# Axis meat question



## Randsims (Oct 7, 2007)

finished boning out my axis deer, my question is should we mix it with hamburger meat or keep it straight axis meat? We use a lot of hamburger in our family want to know what would be best way to use it.


----------



## kodman1 (Sep 16, 2005)

If you want to keep your cholesterol down, don't mix it. I always have Ladds get as many steaks as possible and tenderize them. I grill them just like fajitas. With the remaining meat I have them package as hamburger (straight). I keep the backstrap and tenderloin and package that myself.


----------



## Justin Timberleg (Jun 16, 2009)

I grind it straight axis, when i make burgers may add a little raw bacon to the patties if not they can be dry if cooked to long, i do burgers coals on one side patties on other dont over cook it dries out quick, but any other meal straight axis is great for spaghetti, chili, anything youused ground meat before, just no grease!!


----------



## Night-Fisherman (Aug 1, 2008)

In my opinion Axis meat is just one step above beef! I ground up mine last year and it was excellent!


-NF


----------



## capt hooked (Apr 24, 2007)

*that is prize meat !*

Been eating axis deer meat for 10 years. Every bite is a top shelf table fare so I mix as little as possible to take it to the plate. For spaghetti, manicotti, sausage or any place I need ground meat, we mix 80:20 axis deer to wild pig and add just a little bacon grease if necessary. Man I am respectfully envious that you have some to serve !


----------



## zrexpilot (Jun 14, 2007)

Randsims said:


> finished boning out my axis deer, my question is should we mix it with hamburger meat or keep it straight axis meat? We use a lot of hamburger in our family want to know what would be best way to use it.

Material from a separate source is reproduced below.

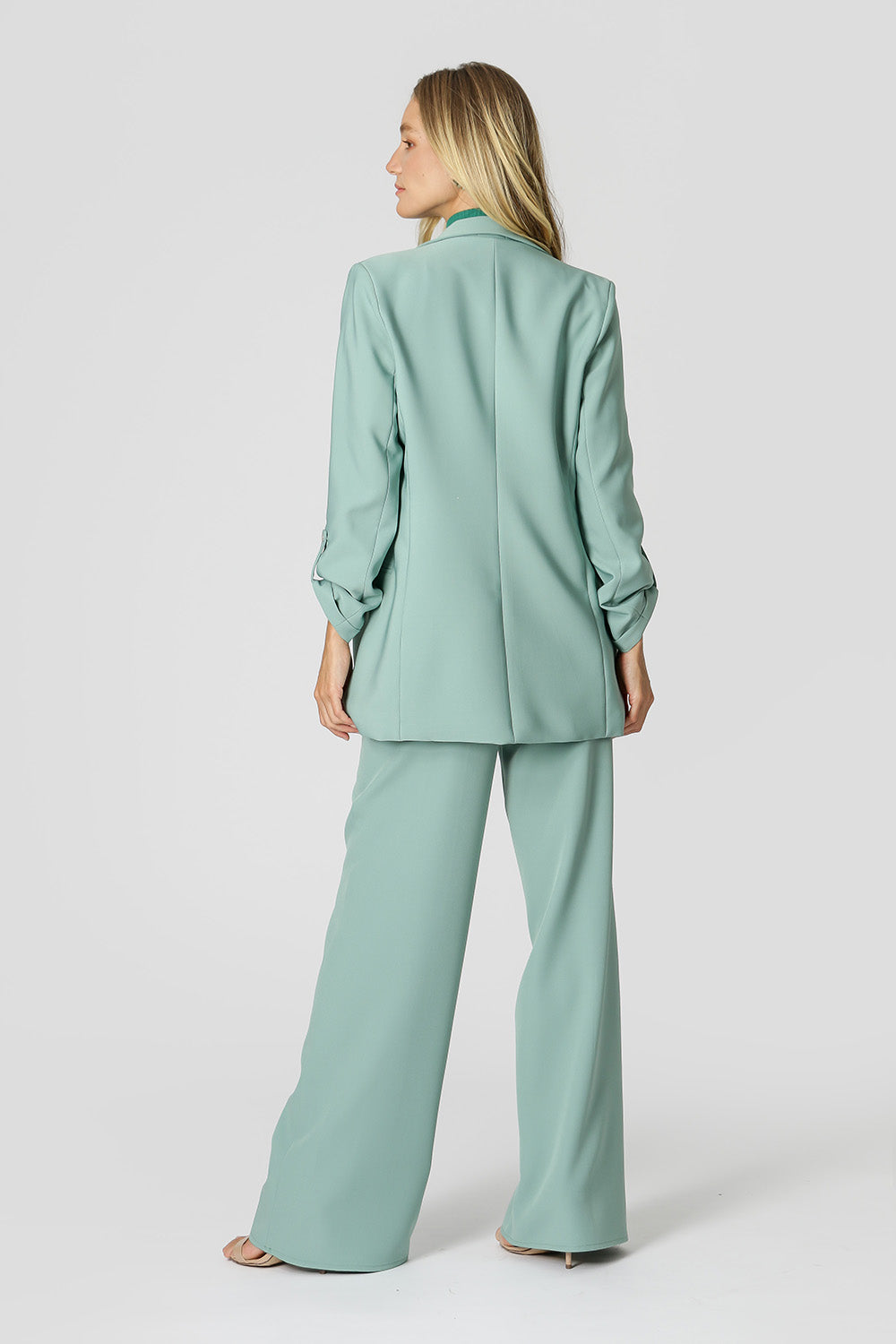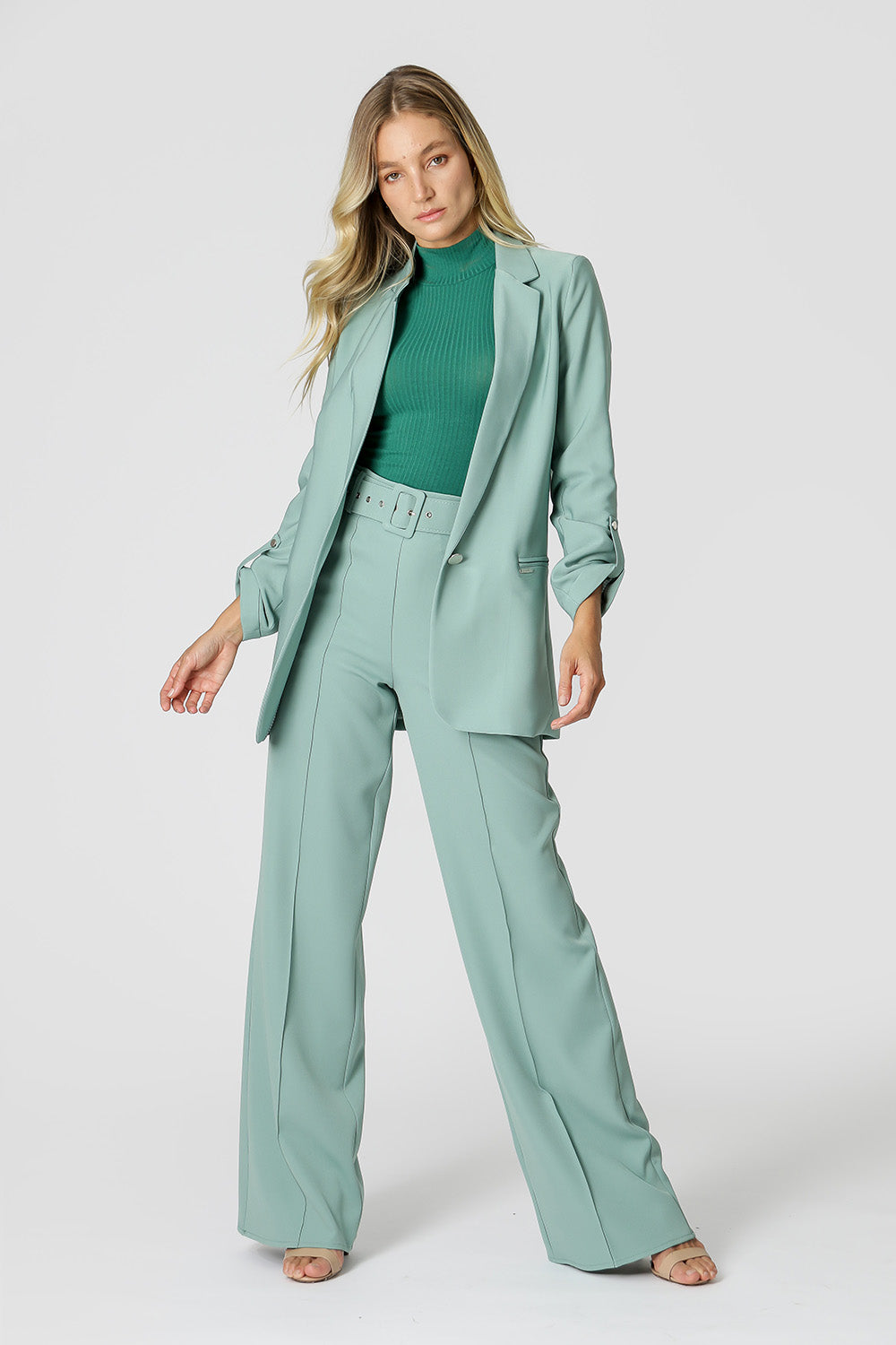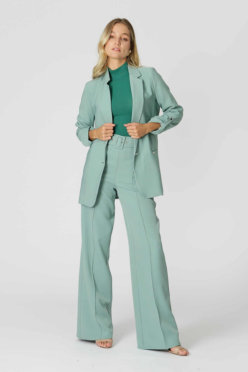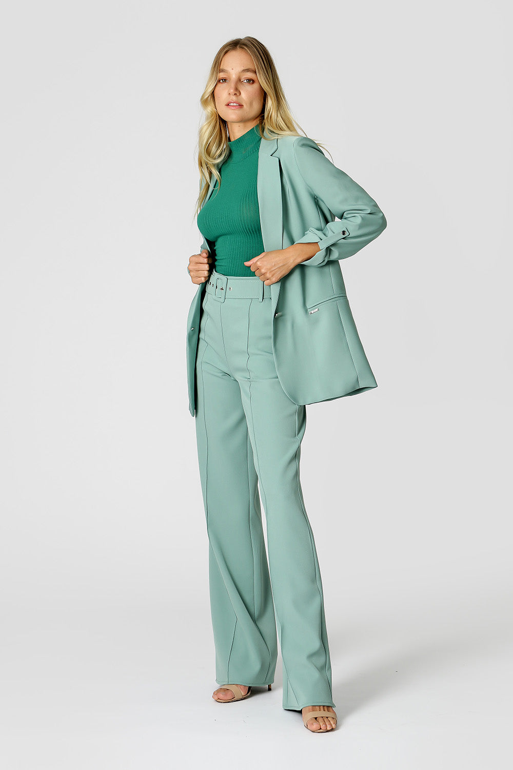 Blazer de alfaiataria com shape longline, com detalhe de martingale e com forro estampado.

I like to grind it with brisket, 50-50 and dont trimm the brisket you want the fat in there.

I actually put beef fat in all my sausage, during the year I trimm all briskets and save the fat for later to be put in sausage


----------



## ruben f. (Nov 28, 2006)

x2 what kodman said. that is exactly what I do with mine.


----------



## RAYSOR (Apr 26, 2007)

Congrats on the Axis, I have a Axis herd on my ranch that is starting to grow, My son took a doe about two months ago, had processed into steaks and hamburger, the hamburger was mixed with brisket 80/20 it is really good very low in fat and cooks fast. also not much gamey taste at all, hope this helps.


----------



## Tiny (Dec 19, 2006)

Straight grind and package, and as mentioned before for burgers add a little bacon, beside the wonderful taste, the moisture is just right. For any ground meat recipe just brown, don't overcook, then add your wet ingrediants to finish cooking.


----------



## Redfishr (Jul 26, 2004)

we dont mix our deer meat with anything but gravey and bisquits......
But really, I think its to lean for hamburgers but for chili, spaggetti or other ground meat dishes with graveys in them, we use straight deer burger.
But if you aint maken some tenderized steaks, your missing out on some fine chicken fried venison....


----------



## FREON (Jun 14, 2005)

I add 10% beef fat and grind. Just enough to keep the burgers from falling apart. It also makes great taco meat, spaghetti, and enchiladas.


----------



## ejbroker (Nov 24, 2008)

You have to add a little fat to the meat or it will just crumble apart if making burgers. As others have said, I have tried bacon, pork, brisket and beef fat from the butcher. I prefer the brisket. I have been grinding my own for 10+ years. You will love the taste of axis. After packaging, make sure you save a little to the side so you can treat yourself to a fresh ground burger for all your work.


----------



## kweber (Sep 20, 2005)

beef tallow is a good binding agent to compliment dry(lean) venison and very lean young wild pigs.
aint had axis, but corn-fed beef is tops in my book


----------



## DEERHUNTER280 (Jul 8, 2006)

10% beef tallow, plus bacon and jalepeno... you won't eat any other grilled hamburger again!


----------